Social media has become ubiquitous in everyday life. There is no escaping it. Within this phenomenon, the influencer is born. Some have mind-blowing reach. Instagrammer Huda Kattan @hudabeauty has 28.1 million followers. Youtuber Pewdiepie has 67.1 million subscribers.

Not all are at that level, but you get the idea. With such large numbers, it is no wonder brands want to tap into their audiences. Their power of reach and persuasion can be equal to, if not more than, traditional brand ambassadors.

Influencer marketing connects a brand to consumers through the social media of influential people. Done right, it is an effective way to promote a campaign, product or service with a deeper conversation compared to advertising.

Some proper planning is required, however.

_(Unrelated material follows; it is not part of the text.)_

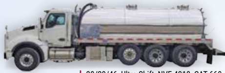
2023 Kenworth T880 CALL FOR PRICING 20/20/46, Ultra-Shift, NVE 4310, CAT 660 jetter package, LED lights, LED strobes, 4-camera package, NAV system, alum. tank
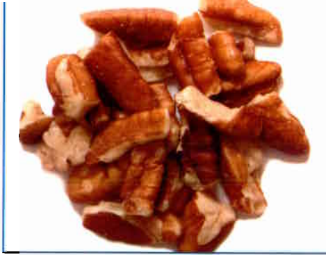
201 PECAN PIECES Raw, 1 Lb. $

It is not just giving away product or paying influencers. Plus, things could go terribly wrong if it is not well thought through. Earlier this year, the Hershey’s #hacerelbiensabebien (doing good tastes good) campaign in Mexico quickly became a PR nightmare.

The content published by the influencers was controversial. For example, one of the posts had an influencer handing a ball to a poor kid while a chocolate bar is sticking unnaturally out of his jeans. The backlash was immediate. Mexicans complained how insensitive and classist the campaign was by exploiting poverty.

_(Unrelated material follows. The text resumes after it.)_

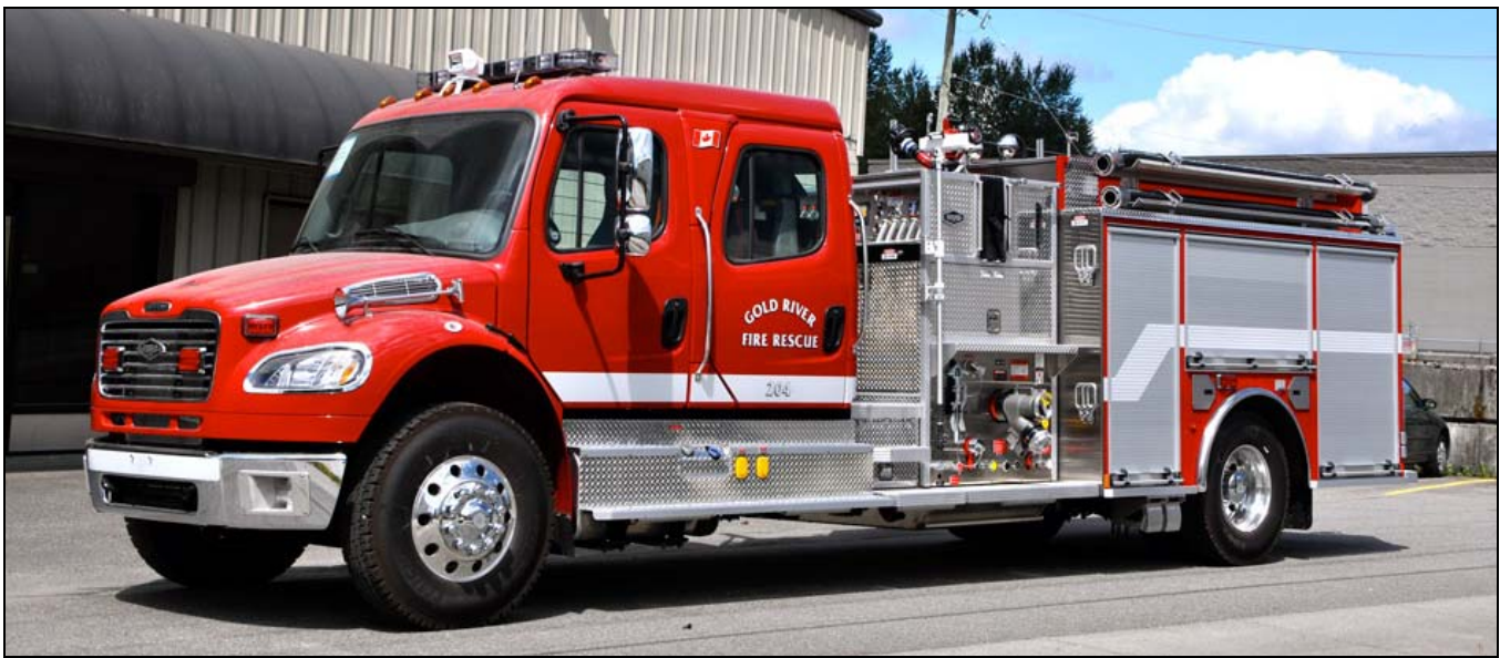
Gold River BC just got this 2014 Freightliner M2/Hub pumper, it has a 1050igpm pump and 1014gwt.

Here are some dos and don’ts to keep in mind as you plan your influencer campaign.


Integrate actions.

Make sure the concept is part of the overall brand strategy and aligned to the rest of the communication campaign. The more synergies you can create with your marketing efforts, the more impact you will make.

Set clear KPIs.

Are you looking for follower acquisition, impressions or consumer engagement? The strategy you will follow depends on these goals. You will want to work with the big names when the objective is reach. Micro grassroots influencers have a more profound relationship with their followers and can give your brand more credibility. Find the right mix for your campaign.

Deliver a proper brief.

Give the influencers a full product description, detailing features and benefits. Providing facts, tone of voice and talking points will help them craft content that is on brand. This is not to say that you should give them scripts, but empower them to be co-creators in an authentic way.

Prepare for potential crisis.

Run through the plan with the PR team (in the case that it is a separate function in your company). They might detect any potential issues. If it includes a promo, have the legal team vet it, too.

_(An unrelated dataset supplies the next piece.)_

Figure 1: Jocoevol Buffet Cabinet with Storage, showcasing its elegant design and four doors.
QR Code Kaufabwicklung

Pick the wrong ambassadors.

Not all influencers are made equal. When preparing the list of influencers for your campaign, check out each one’s story, image, style and preferences to see if they are a good fit. Is there real affinity with the brand? Does it look authentic to be in his/her space, or would it look like a misplaced ad? Do they have the right voice for the message?

Forget that it requires resources.

Some influencers charge expensive fees, others accept product exchange. No matter what the arrangement is, budgeting is important. If you plan to run a promo, establish and reserve the amount of product required. Be clear on the terms and conditions to avoid going overboard.

Just send the product.

Treat your product with love. Make it a wow moment when they receive it. Maybe it’s the packaging, maybe it’s the way you deliver it. The idea is to get them excited about the product. It will inspire them to create more meaningful and quality content that connect with consumers.